Supremum over real interval equals supremum over rational 'interval' for continuos functions?

Question

I've recently read the following reasoning in a paper:

the mapping $x\mapsto \sup_{s\in[a,b]} f(sx)$, $\mathbb{R} \to \mathbb{R}$, is Borel-measurable, since the supremum over $s\in[a,b]$ equals the supremum over $s\in[a,b]\cap\mathbb{Q}$ due to the continuity of $f$ and the fact that the supremum of a countable collection of measurable functions is itself measurable.

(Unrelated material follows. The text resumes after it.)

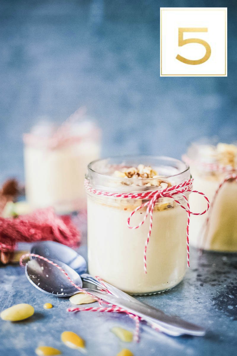 Jakmile nám želatina nabobtná, začneme ji zahřívat na mírném plameni a za stálého míchání ji rozpouštíme. Poté želatinu přidáme ke karamelové směsi a ještě chvíli mícháme na mírném plameni. Směs odstavíme a necháme asi 10 minut vychladnout. Do vychladlé směsi přimícháme postupně řecký jogurt a ručně vyšleháme dohladka. Směs plníme do formiček nebo do skleniček. Dáme ztuhnout do ledničky. Minimálně na 4 hodiny, ale nejlépe do druhého dne.

While I understand the last part concerning the measurability of a countable supremum, I was not able to find resources that prove that $$ \sup_{s\in[a,b]} f(s) = \sup_{s\in[a,b]\cap\mathbb{Q}} f(s) $$ for a continuous function $f$, which was probably used in the first part.
Can anyone help me out with that?

Answer 1

Clearly $$\sup_{s\in[a,b]} f(s) \geq \sup_{s\in[a,b]\cap\mathbb{Q}} f(s)$$ Suppose by way of contradiction that $$M=\sup_{s\in[a,b]} f(s) > \sup_{s\in[a,b]\cap\mathbb{Q}} f(s)=m$$ and let $\varepsilon = \frac{M-m}2$. The exists an $x\in [a,b]$ such that $|M-f(x)|<\varepsilon.$ There exists a sequence of of rational numbers $a\leq x_n\leq b$ such that $x_n\to x$. Since $f$ is continuous, $f(x_n)\to f(x)>m+\frac{\varepsilon}2$ as $n\to\infty$.

But this is absurd, since $f(x_n)\leq m$ for every $n$.